Perhaps it’s also best if discussion were kept to github issues (and github discussions maybe) on the repo I will create rather than here on this forum (I’ll still announce in this thread when I’ve published of course).
To be clear, I believe format-all runs bsb -format (via this non-official resfmt PyPI project that kepi mentioned). No published code to my knowledge is yet using the LSP server and --stdio (except if you just point the existing lsp-mode.el at it of course).
What I personally expect these days with most languages in emacs is:
Formatting: This means that you run say lsp-format-buffer (, = b in spacemacs), or one of the tools mentioned (format-all, reformatter) and your whole buffer (or some section of it that you specify maybe) is magically formatted correctly.
Indentation: This means that hitting the tab key or the return key (depending how you have things configured I guess) gives you an approximation of the “official” formatting of a tool like bsc -format.
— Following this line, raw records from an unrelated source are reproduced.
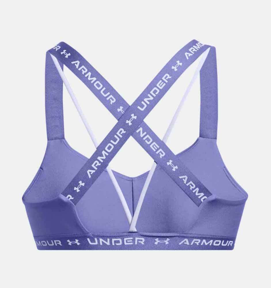 This sports bra brought to us by Under Armour offers total support and comes in the color purple. This sports bra features elastic straps and an elastic hem. The back of this sports bra features 2 straps that crossover to add additional support.
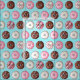Toppet gulligt och precis en söt fest! Detta munktyg presenterar smaskiga choklad-, rosa- och vitdonuts på ett ljust - slösa bakgrund.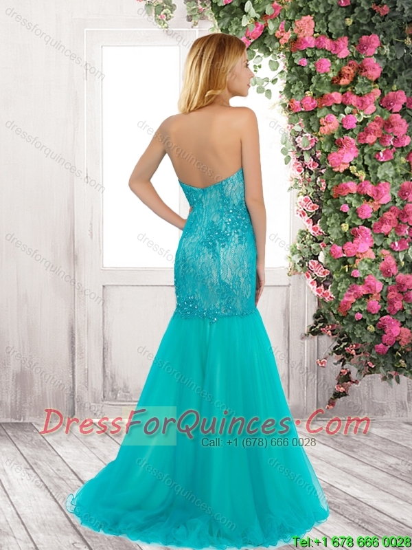 Elegant Mermaid Laced and Beaded Prom Dresses with Brush Train

It’s never identical to what something like bsc -format produces, but it stops you thinking much about formatting when writing code or having to hit the tab key much.
Item 1. works already via LSP, 2. does not because I have to write elisp code to support it.
Do you have a different expectation?
I’ll do a bit today I hope (so far today I’ve been on this forum when I hoped to be doing that )
Edit: now I recall that formatting via LSP only works because of a hack I made to lsp-mode.el that I need to fix and upstream. I did mention that here, so presumably that’s why people were posting about how to format a different way!
Today having tried some simpleminded hacks to reason-indent.el, I see that indeed it looks pretty tricky to start from there, due to the semicolon issue. js.el actually produces mostly reasonable indentation from the file I tested it on, not miles away from what bsc -format produces, at least if I remove the quoted infix operators that I just posted about elsewhere. js.el is the more simple-minded mode that comes with emacs, as opposed to the fancier and much more correct js2-mode.el. I think I should start just by doing a straight copy of the indentation code from js.el (therefore relicensing to GPL v3) and doing a release as soon as I can, rather than trying to rescue reason-indent.el.